Get a Polars DataFrame directly:

from filoma import probe_to_df
dfw = probe_to_df('.')  # filoma.DataFrame wrapper
print(dfw.head())

Wrap existing analysis:

from filoma import probe
analysis = probe('.')
# Prefer using probe_to_df() to get a DataFrame in one step. If you already
# have an analysis object, request a DataFrame explicitly when probing and
# access the raw Polars DataFrame via `wrapper.df` when needed.
analysis = probe('.', build_dataframe=True)
wrapper = analysis.to_df()
# access raw polars via wrapper.df

Enrichment helpers (chainable):

from filoma import probe_to_df
dfw = probe_to_df('.', enrich=True)  # depth, path parts, file stats

Manual enrichment:

from filoma import probe_to_df
dfw = probe_to_df('.', enrich=False)
from filoma.dataframe import DataFrame
wrapper = DataFrame(dfw.df)
wrapper = wrapper.add_depth_col().add_path_components().add_file_stats_cols()

Filtering & grouping:

wrapper.filter_by_extension('.py')
wrapper.extension_counts()
wrapper.directory_counts()

Export:

wrapper.save_csv('files.csv')
wrapper.save_parquet('files.parquet')

Convert to pandas:

pandas_df = probe_to_df('.', to_pandas=True)

Tips:

  • Use .add_file_stats_cols() sparingly on huge trees (it touches filesystem for each path).
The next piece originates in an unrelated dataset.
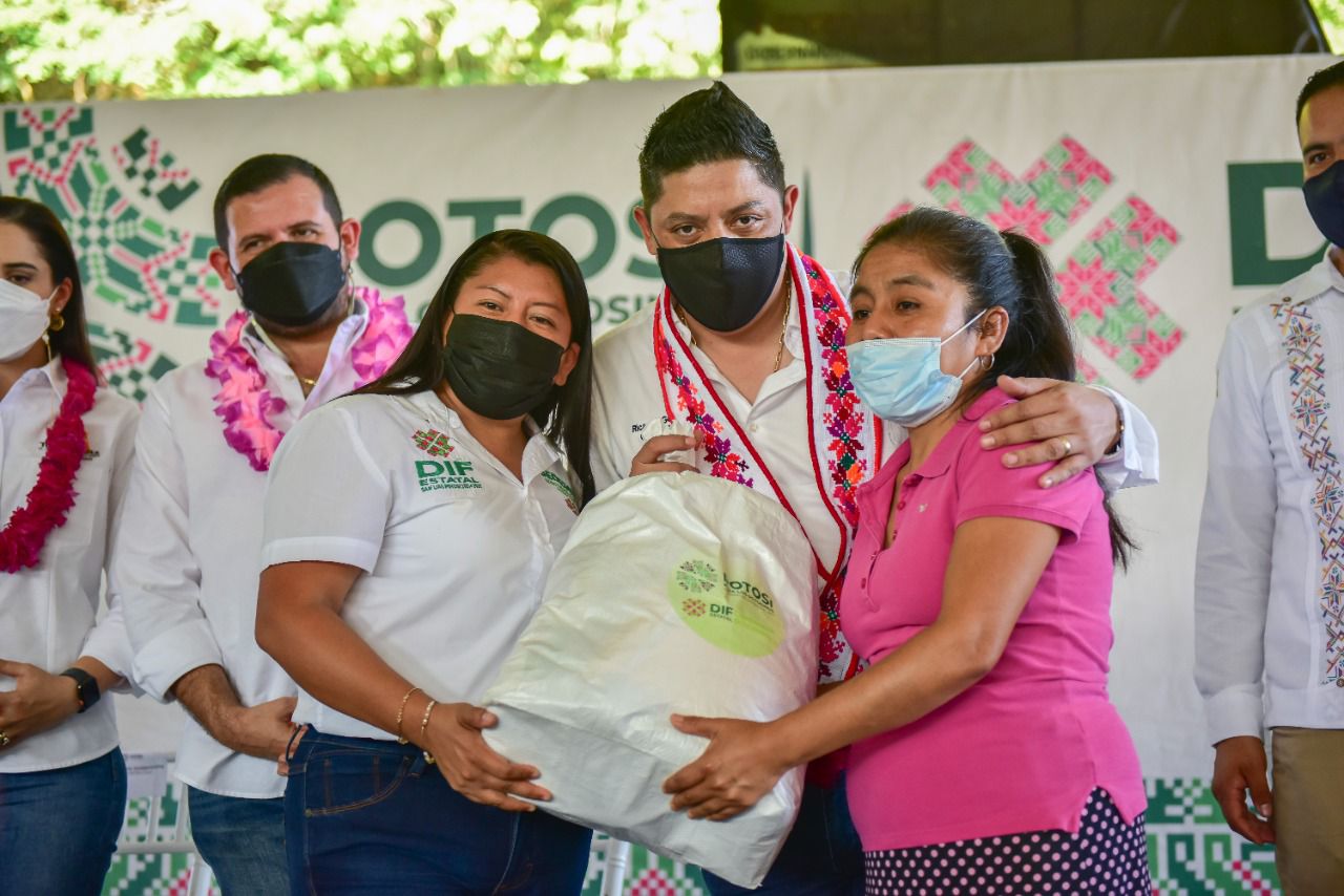 Asimismo, y con la finalidad de que las y los habitantes de Tancanhuitz tengan acceso a un sustento digno que ayude a mejorar su calidad de vida, inició la entrega de Becas Alimentarias en este municipio, uno de los que registra índices de mayor rezago social de San Luis Potosí, donde el 30 por ciento de la población tiene problemas para acceder a su alimentación diaria.

Pandas conversions and caching

filoma is Polars-first internally. For pandas interop use the following:

  • df.pandas — always returns a fresh pandas.DataFrame conversion.
  • df.pandas_cached or df.to_pandas(force=False) — returns a cached pandas conversion (converted once). Use for repeated reads.
  • df.to_pandas(force=True) — force reconversion and update the cache.
  • df.invalidate_pandas_cache() — clear the cached pandas object.

The wrapper automatically invalidates the cached pandas conversion on assignments (df[...] = ...) and when delegated Polars methods appear to mutate in-place (Polars commonly returns None or the same DataFrame object). For complex external mutations call invalidate_pandas_cache() or to_pandas(force=True) to ensure freshness.

  • Combine with Polars expressions for advanced analysis.